Bu sahile akıttığı ilk gözyaşları değildi bunlar.evet,belki son olabilirdi ama kesinlikle ilk değildi.Kim bilir kaç defa canına can katmıştı göz yaşlarıyla o bucaksız maviliğin.Ve kim bilir kaç defa atmıştı imzasını topuklarıyla ilerideki kumsala.Kaç dalga alıp götürmüştü o kumsala çizilmiş hayallerini kim bilir...
Bir şehir vardı,bir şehir...En karanlık gecelere bile, en aydınlık ışıltılarıyla meydan okurdu bu şehir.Geceler boyu, sabahın dönüşüne, güneşin doğuşuna süslenirdi.
Yine en süslü halini takınmışken bu şehir günlerden birinde,bir yağmur geldi çattı!Bir gün,şehre bir yağmur yağdı...O, dalıp gitmiş bakarken maviliklere, şaşkınlıkla kırpıştırdı gözlerini kaldırdı başını baktı maviden bozma griye!
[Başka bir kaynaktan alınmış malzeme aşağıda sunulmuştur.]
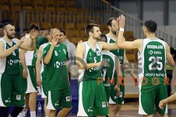 action in Nova KBM league basketball match between Union Olimpija and Krka in Tivoli Hall, Ljubljana, Slovenia on April 11, 2016
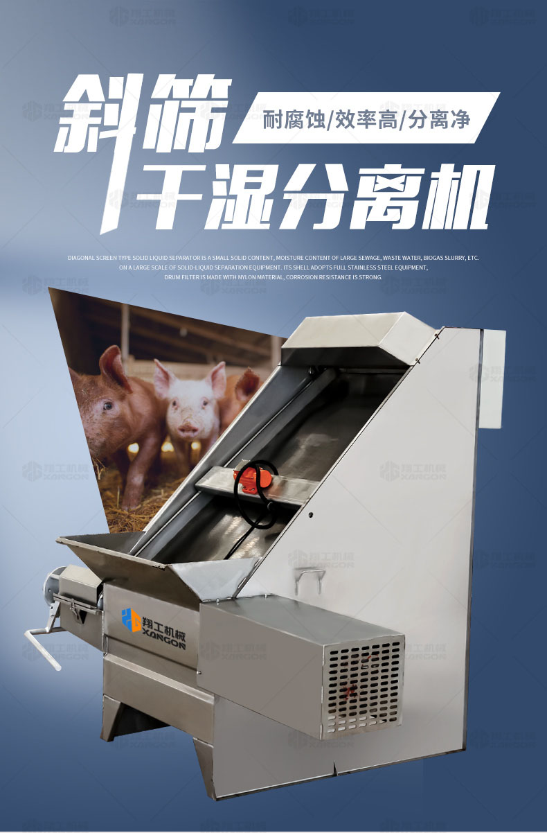 斜篩式固液分離機(jī)是一款針對(duì)含固率較小,含水率較大的污水、糞水、沼液等進(jìn)行大規(guī)模固液分離的設(shè)備。其設(shè)備外殼采用全不銹鋼打造,圓筒濾網(wǎng)則采用尼龍材質(zhì)制成——耐腐蝕性強(qiáng)。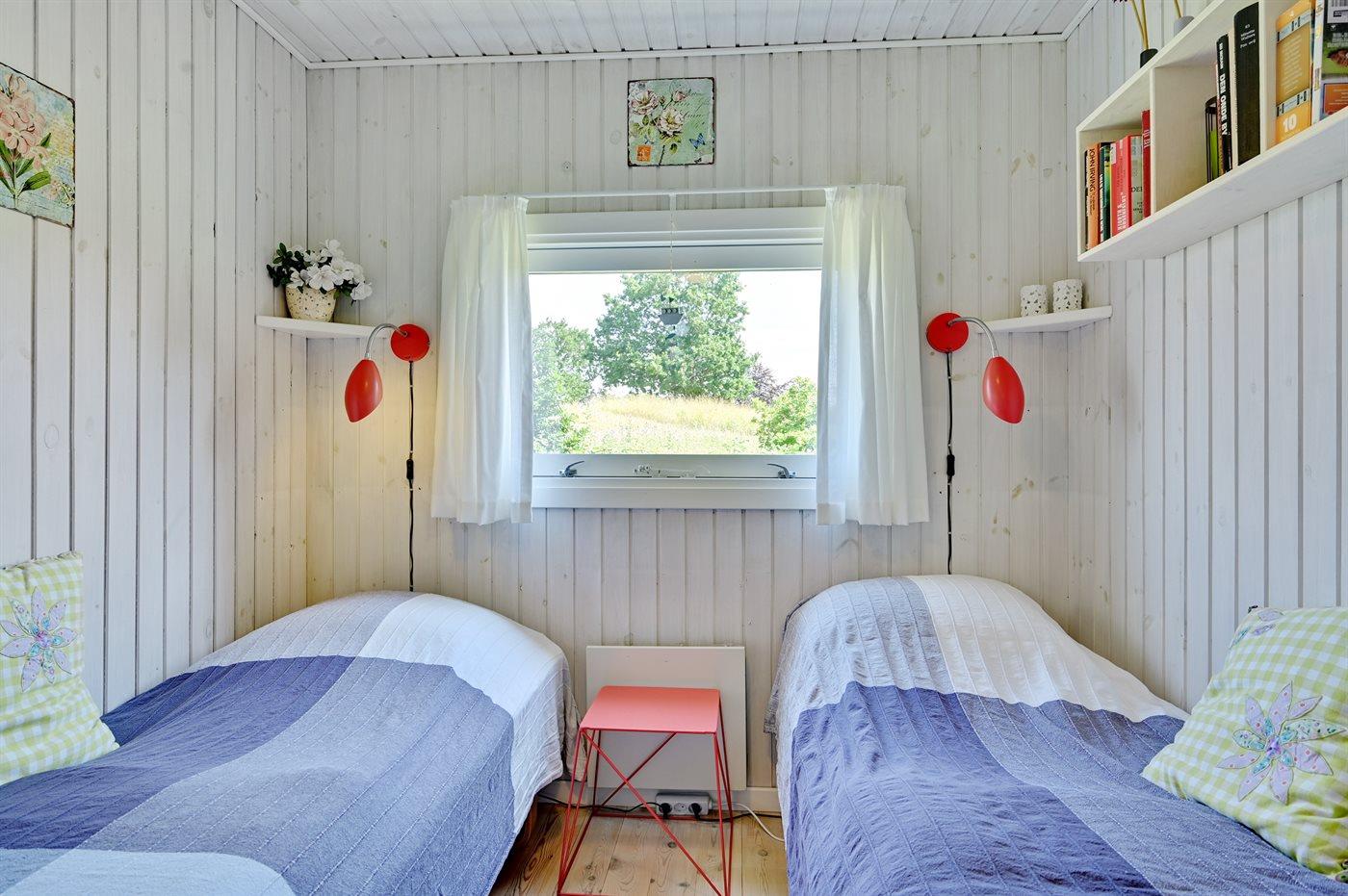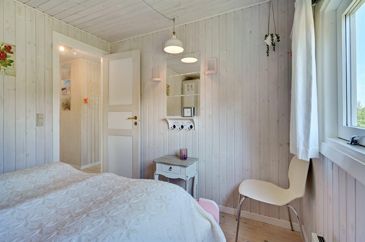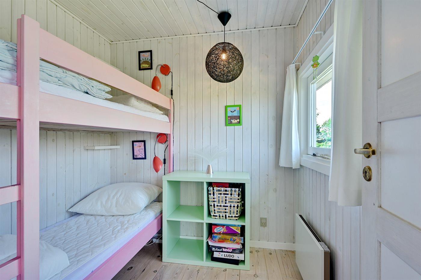 Der er i alt 3 soveværelser. Sovepladserne fordeler sig på: 2 sovepladser i dobbeltseng. 2 sovepladser i enkeltsenge. 2 sovepladser i køjeseng. Derudover er der 1 stk. barneseng.

Nasıl da yağıyordu yağmur öyle! Ve gözleri anlamsız bir rekabete girmişti sanki gökyüzüyle.Her ani yağmurun daha baskın çıkacağı korusuyla,durmaksızın, ağlıyordu...
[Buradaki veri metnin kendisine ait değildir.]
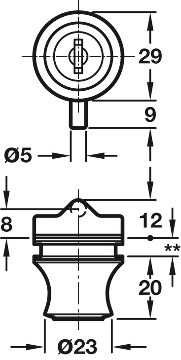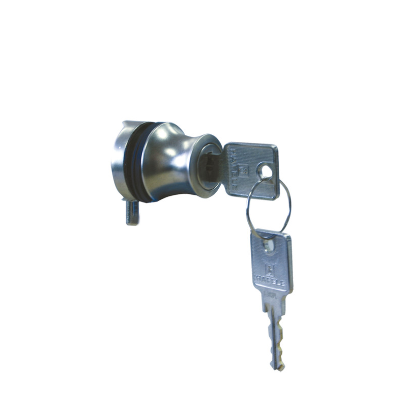 Cerradura puerta giratoria cristal niquelado mate grosor 4-6mm. Fundición zinc, bombillo chapitas fijo, 6 pernos seguridad. Cierres iguales N 7921 PL. Atornillado pared trasera. Ideal vitrinas y muebles cristal.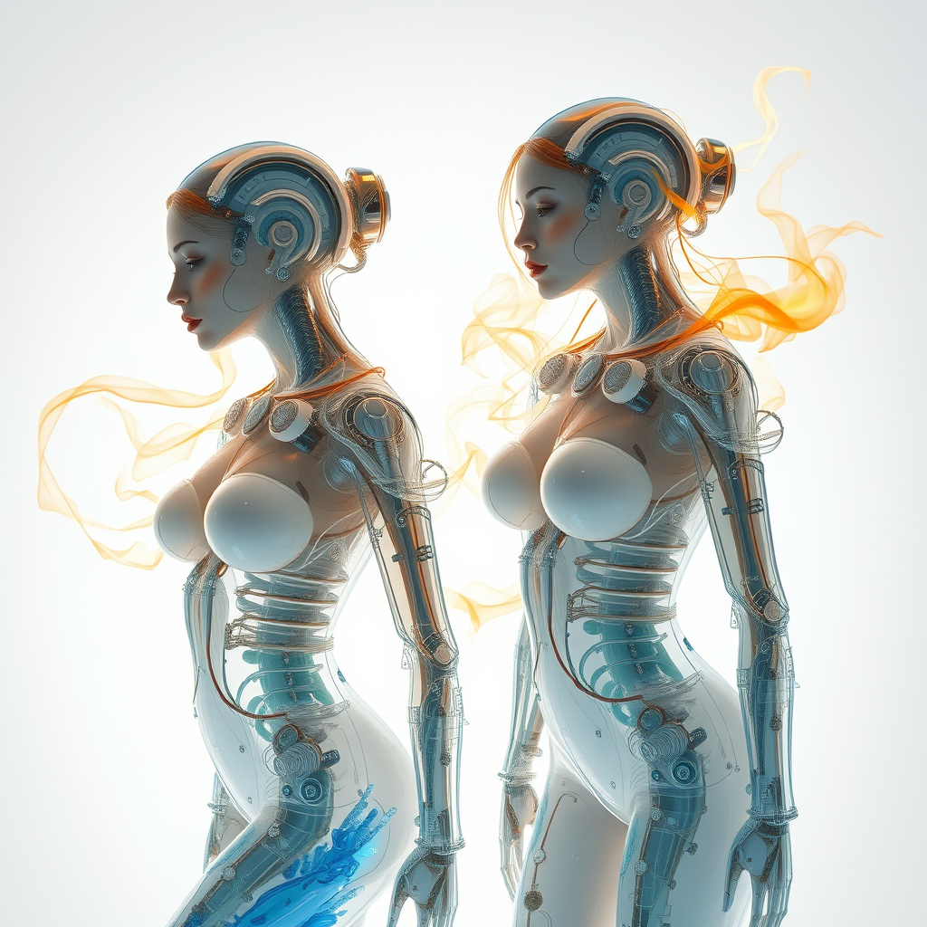Translucent women with biomechanical bodies, featuring liquid cooling systems and intricate circuits, appear beautiful and elegant against a white gradient backdrop. Wisps of orange, yellow, and golden smoke dance around them while blue crystal liquid flows seamlessly. The hyper-realistic render captures the stunning details with an aura of surreal elegance.

O gün, şehre bir yağmur yağdı.Sokaklar ıslandı, kaldırımlar ıslandı, gözleri ıslandı...Her şeyi alıp götürdü sanki yağmur ardından.Onu bile!
Ne rüzgara kafa tutan martıların ağıtı durdurabildi onu, ne rüzgarın çaresiz tavrı...Bir kaç yaprak düşerken ıhlamur ağacından, kaldırımlar duyuramadı sesini bir türlü ( sanki kimsenin kaldırımdan yürümeyeceği tutmuştu ) ! Ihlamur ağaçlarını , kaldırım taşlarını , göz yaşlarını bırakıp ardında , gitti...
O gün, tüm zamanlardan farklıydı gözlerinin rengi.Yağmurdan ıslanmış bir ağaç gövdesi gibi, rengi koyulaştıkça koyulaştı!Islandıkça taştı gözleri, taşmadan derinleşti.Derinleştikçe derinleşti! İki dipsiz kuyu gibi gözleri , git gide ,belirsizleşti.İki kalın çizgi halinde gözleri,gitti...Veda
etseydi eğer,sesi titrerdi.Veda etmeden gitti.Gitti ve şehre bir yağmur yağdı.Bulutlar ağladı, kaldırımlar ağladı, ıhlamurlar ağladı, hatıralar ağladı...
Bir Gün Bir Yağmur Yağdı
"O gün, tüm zamanlardan farklıydı gözlerinin rengi.Yağmurdan ıslanmış bir ağaç gövdesi gibi, rengi koyulaştıkça koyulaştı!Islandıkça taştı gözleri, taşmadan derinleşti.Derinleştikçe derinleşti! İki dipsiz kuyu gibi gözleri , git gide ,belirsizleşti.İki kalın çizgi halinde gözleri,gitti..."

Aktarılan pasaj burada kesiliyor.